What is meant by trauma?
The term “trauma” derives from the Greek and means “wound”. It can be defined as a psychological response to an event or a series of highly stressful or distressing events, which exceed the individual’s ability to face you.
These traumatic events They may include accidents, physical or emotional violence, natural catastrophes, wars, and other situations that threaten the life or psychological life or integrity of the individual.
A definition that reflects the current understanding of trauma as a complex phenomenon that involves a wide range of emotional and physical reactions, and underlines the importance of the context in which the traumatic event and the subjective perception of the individual occurs.
A definition in line also with what is reported by the World Health Organization (WHO, 2013): “The trauma derives from an event, a series of events or a set of circumstances that is experienced by an individual as physically or emotionally harmful or potentially lethal and that has long -lasting negative effects on the functioning and mental, physical, social, emotional or spiritual well -being of the“.
Symptoms related to a traumatic experience
The symptoms of antraumatic experience They may vary widely from person to person. However, it is possible to recognize some typically experienced by most people.
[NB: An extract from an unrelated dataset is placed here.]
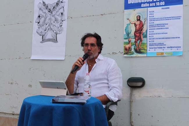 Quindi spazio allo scrittore Maurizio Ponticello che ha offerto un approfondimento sulla figura del San Giovanni e che, con la volontà esplicita di provocare anche la reazione del pubblico, ha posto quesiti e interrogativi sulle origini del Santo, con la festa che cade proprio nel periodo del solstizio d’estate, con una miriade di simboli mitologici, allegorici e di rimandi che affondano le radici nella fede e nella religione, che hanno suscitato l’attenzione e la curiosità dei presenti. A Ponticello l’Associazione Fontevecchia ha donato una targa ricordo consegnata dall’assessore Rullo. Subito dopo spazio alla musica con il gruppo ‘Prendila Così’, cover band di Lucio Battisti e a mezzanotte in punto si sono ripetuti i riti del San Giovanni, ovvero coppie di amici che hanno attraversato a piedi nudi il lago, simbolo del Giordano, con in mano il tradizionale ramajetto e, subito dopo, il fuoco di San Giovanni a sugellare un rapporto di amicizia e di reciproco aiuto che spesso supera quella tra fratelli.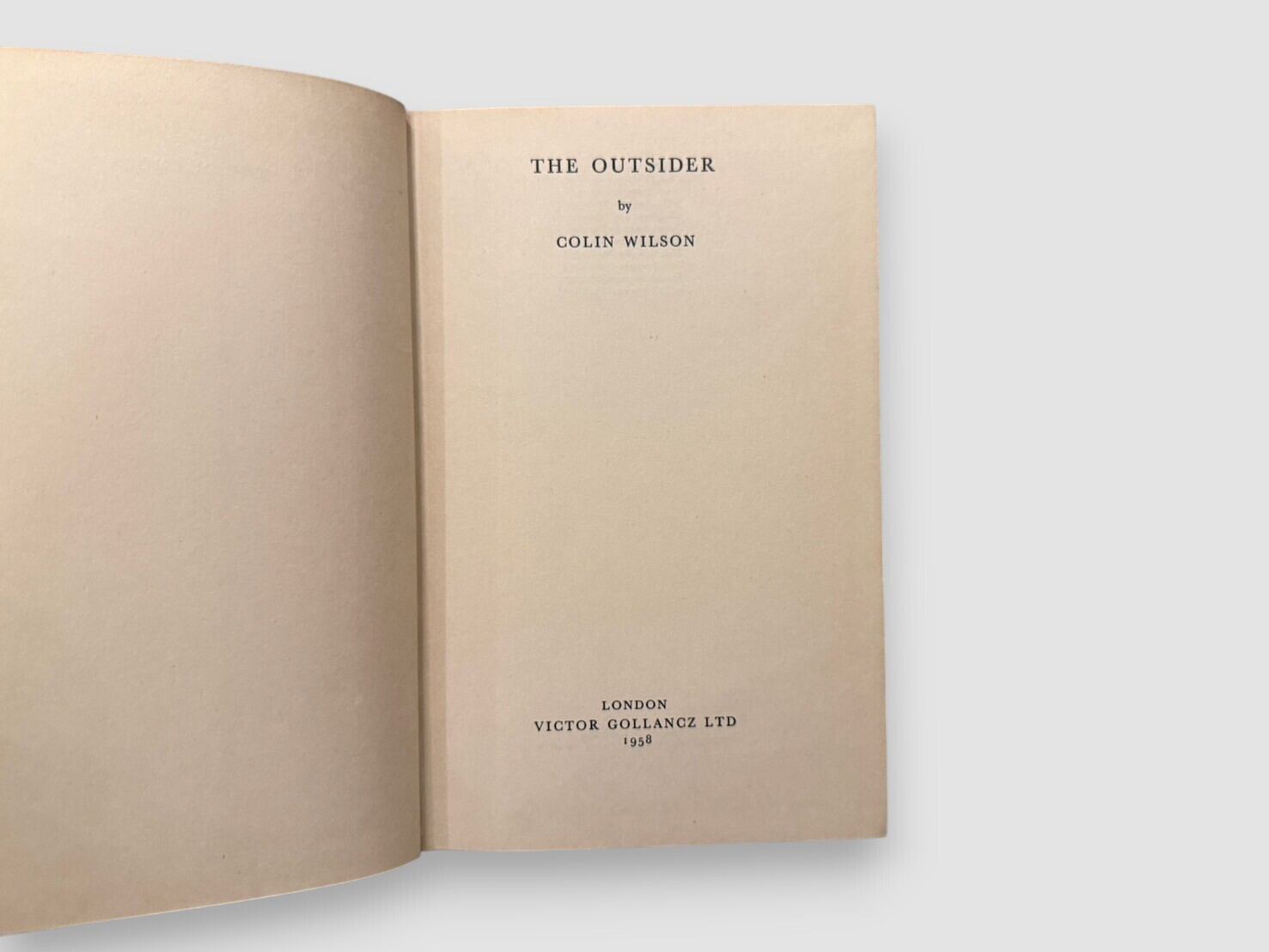 コリン・ウィルソン(1931–2013)のデビュー作にして代表作『アウトサイダー』。1956年に刊行され、20世紀半ばの文化批評を象徴する一冊として爆発的な注目を集めた。本書ではドストエフスキー、カフカ、ニーチェ、カミュといった思想家や作家を論じながら、現代における「疎外された人間=アウトサイダー」の精神を探究し、社会的孤立や存在の不安を鋭く描き出している。刊行当時「Angry Young Men(怒れる若者たち)」の文脈で迎えられ、ウィルソンを一躍時代の寵児とした。本書は1958年刊行の第12刷(Twelfth Impression)であり、初版からわずか2年で12刷に達した事実は、当時の熱狂的な人気と社会的反響を示している。

These can be of various kinds: emotional, cognitive, physical and behavioral (Bulli, 2024):
- Emotional symptoms: The emotions most experienced by people who have undergone a traumatic experience are usually anxiety, fear, sadness, anger, guilt and shame. However, the possibility that there may be emotional level can also be frequent, demonstrating disinterested and emotionally insensitive;
- Cognitive symptoms: mostly distinguished by experiences reactivating the traumatic event or sensations annexed to it (EG, flashbacks, intrusive thoughts). As well as the possible alteration of cognitive functions linked to attentive processes such as concentration and supervision (EG, difficulty concentration, hypervigilance) and memory (EG, recovery of memories, disorientation);
- Physical symptoms: linked to a possible alteration of the normal physiological functions of the individual, in particular of the sleep-wake (EG, insomnia, nightmare rhythm, disturbed sleep) and food (EG, nausea, gastrointestinal and digestive problems). Sensations of tiredness, fatigue, muscle tension, palpitations and tachycardia are also frequent;
- Behavioral symptoms: the behavioral manifestations that can be observed in front of traumatic experiences are multiple and vary very much depending on the function of the person. Among the most common we find: social isolation, exaggerated reactions, changes in their habits, self -destructive behaviors and, last but not least, avoidance.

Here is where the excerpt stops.